Employer health mandate upheld (UPDATED)
on Jul 11, 2013 at 5:28 pm
UPDATED Friday 12:15 p.m. Lawyers for Liberty University have announced that they will seek to take the case back to the Supreme Court. Their press release is here.
Giving the Obama administration a major new legal victory for the often-besieged federal health care law, the Fourth Circuit Court ruled on Thursday that Congress had clear authority to impose the requirement that larger employers provide adequate health insurance for their workers or pay a financial penalty to the government. This was the first major ruling on the employer mandate’s constitutionality since the Supreme Court last year upheld a different mandate in the 2010 law, requiring individuals to obtain health coverage or pay a penalty.
The Circuit Court’s decision in favor of the employer mandate came just nine days after the federal government put off for a year, until January 1, 2015, that requirement, which applies to employers with more than 50 employees. If such employers do not have coverage by the deadline, they face penalties of up to $2,000 for each employee.
The new ruling came in the case of Liberty University v. Lew (Treasury Secretary), in Circuit docket 10-2347. The Supreme Court had sent the case back to the Fourth Circuit to rule on constitutional challenges that the Justices did not decide when they ruled on major parts of the health care law a year ago. The Supreme Court decision said nothing about the validity of the employer mandate.
Even though the Supreme Court had upheld the individual mandate under Congress’s taxing power, five of the Justices declared that Congress did not have the authority to pass that part of the law under its Commerce Clause powers. The Fourth Circuit, however, based its decision in favor of the employer mandate directly on the lawmakers’ sweeping power to regulate commercial activity among the states.
Business firms are engaged in commerce, the Circuit Court said, and so the employer mandate did not create economic activity in order for the government to regulate it. That was the argument that the five Justices used in their rejection of the Commerce Clause defense of the individual mandate.
The Circuit Court declared: “The employer mandate is no monster” — a word that four Justices had used last year to describe the individual mandate. Rather, the Circuit Court said, the employer mandate “is simply another example of Congress’s longstanding authority to regulate employee compensation offered and paid for by employers in interstate commerce….All employers are, by their very nature, engaged in economic activity.”
In addition, the Circuit Court said, the employer mandate does not require firms’ management to buy an unwanted product.
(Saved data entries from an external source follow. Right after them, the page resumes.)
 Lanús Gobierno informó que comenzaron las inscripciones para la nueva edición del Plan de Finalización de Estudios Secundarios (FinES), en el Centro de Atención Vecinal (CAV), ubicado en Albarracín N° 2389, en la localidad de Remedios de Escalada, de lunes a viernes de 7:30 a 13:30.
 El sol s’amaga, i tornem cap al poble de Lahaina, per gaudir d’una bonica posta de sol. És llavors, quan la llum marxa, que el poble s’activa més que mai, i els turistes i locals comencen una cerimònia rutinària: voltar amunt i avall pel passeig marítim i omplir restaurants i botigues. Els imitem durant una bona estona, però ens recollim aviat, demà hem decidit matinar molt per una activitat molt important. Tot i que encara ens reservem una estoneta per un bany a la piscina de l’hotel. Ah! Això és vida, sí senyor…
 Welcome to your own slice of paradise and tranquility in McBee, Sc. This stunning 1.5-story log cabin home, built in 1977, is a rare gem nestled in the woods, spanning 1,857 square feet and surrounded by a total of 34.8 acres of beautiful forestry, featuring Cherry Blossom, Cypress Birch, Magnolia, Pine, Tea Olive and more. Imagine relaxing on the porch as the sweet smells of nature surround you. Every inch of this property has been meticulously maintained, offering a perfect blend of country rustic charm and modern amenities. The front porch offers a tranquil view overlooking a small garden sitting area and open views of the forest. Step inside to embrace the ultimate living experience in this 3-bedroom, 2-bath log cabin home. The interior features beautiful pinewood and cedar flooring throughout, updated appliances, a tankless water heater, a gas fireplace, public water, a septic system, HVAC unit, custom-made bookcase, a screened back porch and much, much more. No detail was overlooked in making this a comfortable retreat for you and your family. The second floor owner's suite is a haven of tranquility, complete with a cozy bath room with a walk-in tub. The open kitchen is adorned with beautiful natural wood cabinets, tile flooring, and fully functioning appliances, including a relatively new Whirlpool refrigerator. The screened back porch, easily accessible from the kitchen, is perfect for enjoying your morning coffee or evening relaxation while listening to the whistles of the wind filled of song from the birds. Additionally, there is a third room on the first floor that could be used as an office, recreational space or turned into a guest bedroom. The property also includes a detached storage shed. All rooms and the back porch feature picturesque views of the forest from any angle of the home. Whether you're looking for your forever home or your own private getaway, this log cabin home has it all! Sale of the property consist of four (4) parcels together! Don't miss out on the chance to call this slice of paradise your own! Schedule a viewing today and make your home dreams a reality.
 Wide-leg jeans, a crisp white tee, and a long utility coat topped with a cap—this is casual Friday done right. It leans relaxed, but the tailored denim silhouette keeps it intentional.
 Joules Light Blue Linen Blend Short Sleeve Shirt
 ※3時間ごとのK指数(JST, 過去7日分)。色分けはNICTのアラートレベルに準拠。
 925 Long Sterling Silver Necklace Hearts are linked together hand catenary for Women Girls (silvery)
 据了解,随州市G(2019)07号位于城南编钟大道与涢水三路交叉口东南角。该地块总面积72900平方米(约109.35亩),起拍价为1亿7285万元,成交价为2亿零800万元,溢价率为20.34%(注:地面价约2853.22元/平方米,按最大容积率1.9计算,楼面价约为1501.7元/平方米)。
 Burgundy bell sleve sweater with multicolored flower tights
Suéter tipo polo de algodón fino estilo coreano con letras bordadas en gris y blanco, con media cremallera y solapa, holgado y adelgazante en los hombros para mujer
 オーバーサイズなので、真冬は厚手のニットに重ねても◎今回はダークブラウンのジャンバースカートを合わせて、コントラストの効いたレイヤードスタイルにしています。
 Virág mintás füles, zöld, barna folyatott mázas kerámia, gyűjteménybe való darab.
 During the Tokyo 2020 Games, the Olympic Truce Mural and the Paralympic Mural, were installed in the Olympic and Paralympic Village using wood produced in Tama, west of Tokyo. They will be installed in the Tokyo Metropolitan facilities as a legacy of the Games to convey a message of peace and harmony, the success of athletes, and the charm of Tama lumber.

They can self-insure instead of buying coverage elsewhere, and many do, the opinion noted.
The decision went on to say that the financial penalty that employers who fail to provide health insurance for their workers is, like the financial penalty for individuals who fail to obtain insurance for themselves, a form of tax that is constitutional. For that part of its ruling, the panel relied upon reasoning the Supreme Court had used last year regarding the penalty on individuals.
In the concluding parts of the Fourth Circuit decision, it rejected claims by Liberty University that both the individual and employer mandates violate the First Amendment religious freedom rights of the university and of its workers who object to being required to have health insurance. Those claims also were based upon a federal law, the Religious Freedom Restoration Act. The mandates do not impose a significant burden on the challengers’ religious views, the panel declared.
And it rejected an argument that, because the mandates have some exceptions, their application to Liberty University and its employees discriminates against them.
The Circuit Court treated as a belated claim, and thus did not rule on it, a challenge by Liberty University and its employees to federal regulations that require employers — with some exceptions — to provide birth control services and birth-preventive services, including abortion, as part of their health plans for their workers. The challengers did not mention that, the court said, in their first appeal to the Circuit Court, or in their appeal to the Supreme Court. When the Supreme Court sent this case back to the Fourth Circuit for further review, the panel said, the Justices did not mention this issue at all.
The Circuit Court’s fifty-two-page opinion was written jointly by Circuit Judges Diana Gribbon Motz, Andre M. Davis, and James A. Wynn, Jr. Liberty University and its employees have the option of asking the full Circuit Court to reconsider the case en banc, and the separate option of seeking review again at the Supreme Court.